* [Entries supplied]
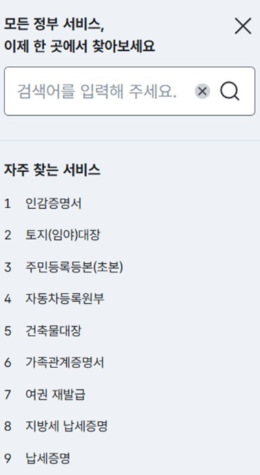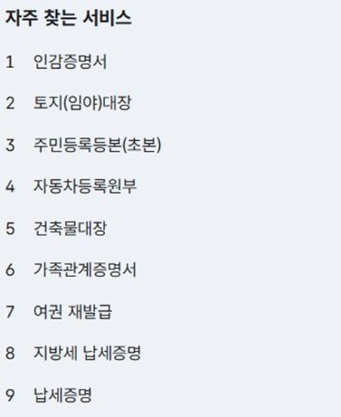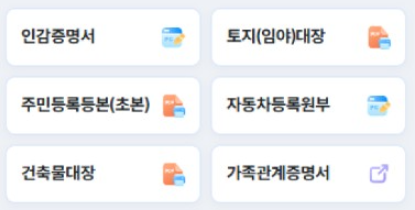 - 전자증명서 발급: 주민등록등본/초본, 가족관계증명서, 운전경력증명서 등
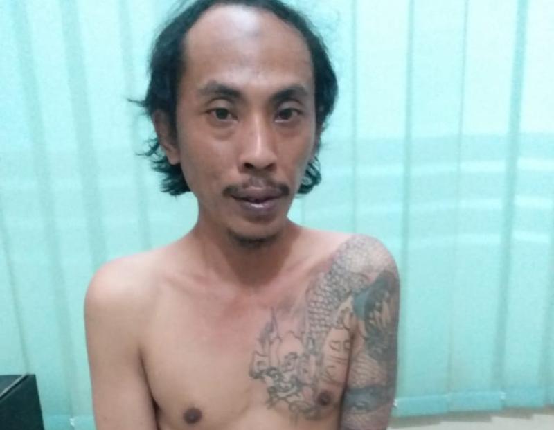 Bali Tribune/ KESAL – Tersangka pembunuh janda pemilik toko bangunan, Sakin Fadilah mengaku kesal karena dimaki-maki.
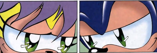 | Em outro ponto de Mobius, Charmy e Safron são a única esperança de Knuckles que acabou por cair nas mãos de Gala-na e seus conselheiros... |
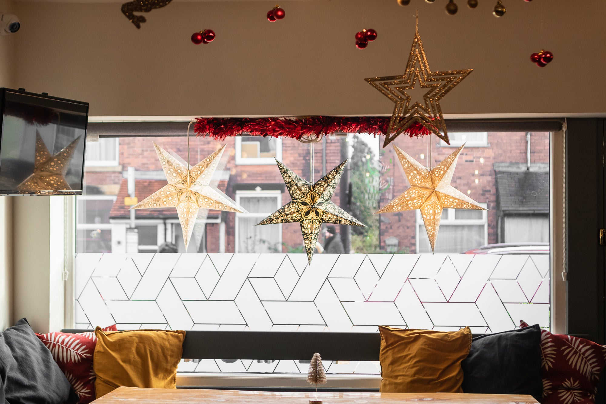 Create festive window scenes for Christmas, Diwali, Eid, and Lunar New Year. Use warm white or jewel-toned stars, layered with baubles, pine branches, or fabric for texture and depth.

* * *

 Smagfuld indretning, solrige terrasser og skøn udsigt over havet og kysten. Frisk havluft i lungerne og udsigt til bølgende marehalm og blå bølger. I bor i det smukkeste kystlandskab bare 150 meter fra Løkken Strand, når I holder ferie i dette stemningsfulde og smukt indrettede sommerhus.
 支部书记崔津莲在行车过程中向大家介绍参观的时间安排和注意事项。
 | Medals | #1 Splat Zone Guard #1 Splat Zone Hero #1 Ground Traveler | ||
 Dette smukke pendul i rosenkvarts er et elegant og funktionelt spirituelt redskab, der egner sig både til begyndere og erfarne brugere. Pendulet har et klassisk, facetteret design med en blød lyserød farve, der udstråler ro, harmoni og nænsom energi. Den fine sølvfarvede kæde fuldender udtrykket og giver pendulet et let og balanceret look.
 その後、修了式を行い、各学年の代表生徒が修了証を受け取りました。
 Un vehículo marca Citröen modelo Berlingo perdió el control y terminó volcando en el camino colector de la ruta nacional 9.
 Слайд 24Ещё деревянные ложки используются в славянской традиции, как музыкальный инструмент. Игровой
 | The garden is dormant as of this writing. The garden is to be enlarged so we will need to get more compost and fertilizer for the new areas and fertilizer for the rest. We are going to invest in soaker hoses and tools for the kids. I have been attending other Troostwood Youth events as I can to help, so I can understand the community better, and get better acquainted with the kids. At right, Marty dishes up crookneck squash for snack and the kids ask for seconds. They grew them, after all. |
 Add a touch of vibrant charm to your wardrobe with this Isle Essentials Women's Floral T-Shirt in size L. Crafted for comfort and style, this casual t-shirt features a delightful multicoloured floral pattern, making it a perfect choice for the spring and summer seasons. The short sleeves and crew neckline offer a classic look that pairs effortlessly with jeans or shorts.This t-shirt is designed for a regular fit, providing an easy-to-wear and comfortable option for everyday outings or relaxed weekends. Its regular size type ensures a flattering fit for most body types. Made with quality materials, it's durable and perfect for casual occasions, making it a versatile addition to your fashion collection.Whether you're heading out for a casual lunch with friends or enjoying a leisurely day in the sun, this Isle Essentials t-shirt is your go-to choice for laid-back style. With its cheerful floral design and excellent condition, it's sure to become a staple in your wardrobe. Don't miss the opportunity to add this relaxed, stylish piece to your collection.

* * *

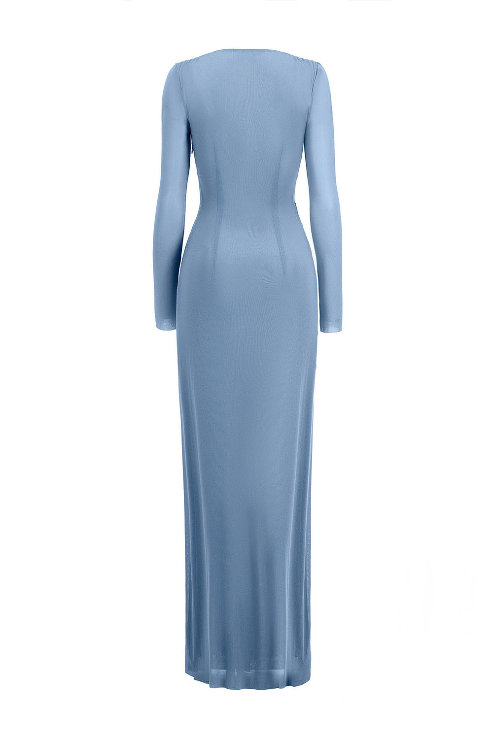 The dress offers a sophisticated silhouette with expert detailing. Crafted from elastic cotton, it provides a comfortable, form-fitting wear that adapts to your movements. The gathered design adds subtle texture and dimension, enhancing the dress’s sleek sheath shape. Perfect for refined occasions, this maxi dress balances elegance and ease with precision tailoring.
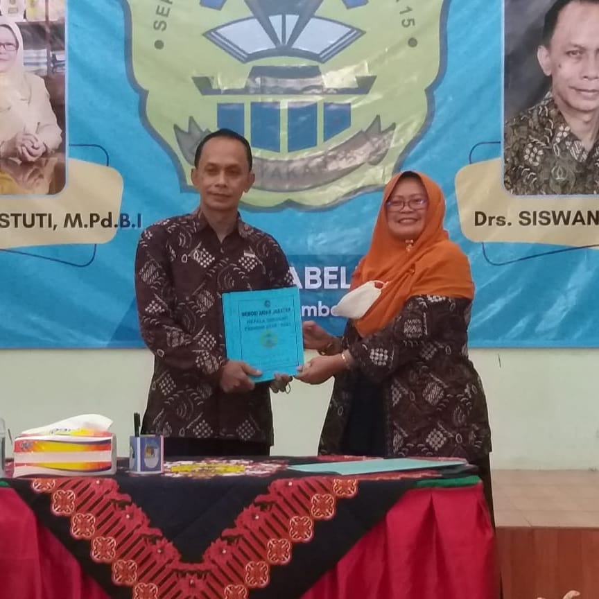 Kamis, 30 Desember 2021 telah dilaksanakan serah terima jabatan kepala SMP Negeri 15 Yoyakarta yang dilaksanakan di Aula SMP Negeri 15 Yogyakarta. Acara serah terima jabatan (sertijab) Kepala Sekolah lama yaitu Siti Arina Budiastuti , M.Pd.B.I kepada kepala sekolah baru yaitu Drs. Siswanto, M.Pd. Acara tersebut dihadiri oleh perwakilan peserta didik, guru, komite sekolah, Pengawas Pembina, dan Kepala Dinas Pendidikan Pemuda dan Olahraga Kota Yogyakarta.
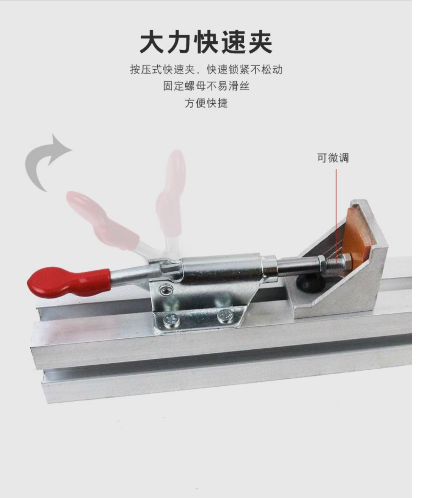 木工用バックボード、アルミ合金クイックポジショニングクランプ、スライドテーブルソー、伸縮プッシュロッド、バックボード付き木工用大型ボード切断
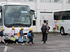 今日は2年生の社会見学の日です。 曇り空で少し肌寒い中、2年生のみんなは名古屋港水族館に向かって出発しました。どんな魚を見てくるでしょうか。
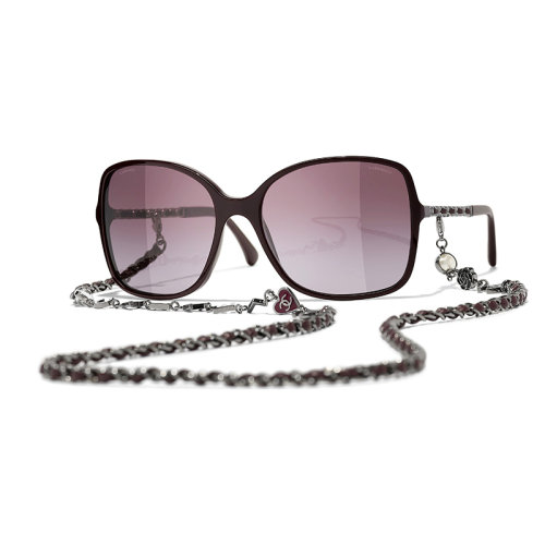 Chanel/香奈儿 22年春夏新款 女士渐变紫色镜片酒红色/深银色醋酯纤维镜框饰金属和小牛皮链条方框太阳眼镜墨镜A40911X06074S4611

* [Problem requirements] The response should be the listing above, limited to the lines between the one holding "Un vehículo marca" and the one holding "Слайд 24Ещё деревянные", inclusive, reproduced exactly.

* [Response area]
 Un vehículo marca Citröen modelo Berlingo perdió el control y terminó volcando en el camino colector de la ruta nacional 9.
 Слайд 24Ещё деревянные ложки используются в славянской традиции, как музыкальный инструмент. Игровой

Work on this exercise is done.